Forum Moderators: open

Message Too Old, No Replies

Unwanted Spiders - how to limit/kill access

simple ways to code, spiders list etc.

         

lak12

2:08 am on Jun 1, 2002 (gmt 0)

10+ Year Member



Hi Everybody!
I have this little issue (not a problem yet). I have two new sites opened and one day got about 2000 hits within 20 minutes from generic spider looking for /system32/root.exe file.
They were looking for WinNT file and I am on FreeBSD. Sure enough they hit my 404s'.

It's not a problem, but I hate to give away my bandwidth. I'd better serve users or good known spiders than totally stupid spiders.

So I wrote a small addition to missing.cgi in Perl (I handle all errors there).
One hit to get any M$ Windows file - I write an IP log.
Next time program sees a log - it adds a line to .htaccess file: deny from $ip
Problem solved.

Once a day I just replace .htaccess file with a fresh version with no "deny from.." lines...
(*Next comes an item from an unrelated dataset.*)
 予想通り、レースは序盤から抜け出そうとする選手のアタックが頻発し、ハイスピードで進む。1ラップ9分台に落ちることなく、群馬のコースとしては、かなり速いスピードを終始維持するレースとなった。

My question is: Is there any place I can get the idents of the spiders that are "no good" ones? Spiders that just collect e-mail addresses, just take up traffic etc.
I have 27 domains to maintain and hate to give away resources for nothing. I have a content to show and wish to keep it that way.

Any thoughts?
Mark.

wilderness

5:07 am on Jun 1, 2002 (gmt 0)

WebmasterWorld Senior Member 10+ Year Member Top Contributors Of The Month



this thread will get you started
[webmasterworld.com...]

jdMorgan

7:56 pm on Jun 3, 2002 (gmt 0)

WebmasterWorld Senior Member 10+ Year Member



Mark,

You stated:
"So I wrote a small addition to missing.cgi in Perl (I handle all errors there).
One hit to get any M$ Windows file - I write an IP log.
Next time program sees a log - it adds a line to .htaccess file: deny from $ip
Problem solved.

Once a day I just replace .htaccess file with a fresh version with no "deny
from.." lines... "

Just wondering - Why do you clear your deny list out? Once these e-mail harvesters make a pass through your site, it's really too late. However, if you keep your deny lists active, you can use deny entries from one victim site to block access on your other sites *before* they get harvested. That will at least reduce the spam that results...
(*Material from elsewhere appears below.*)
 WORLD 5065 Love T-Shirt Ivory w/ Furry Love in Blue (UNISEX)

I've received so much spam recently that my policy is, "once banned, banned forever." This makes for a pretty long list of banned agents and IPs, but with a little creative use of Regular Expression pattern-matching, the list can be compressed down to manageable size.

Maybe I misunderstood your meaning, but I'm wondering why you'd want to clear your deny list.

Thanks,
Jim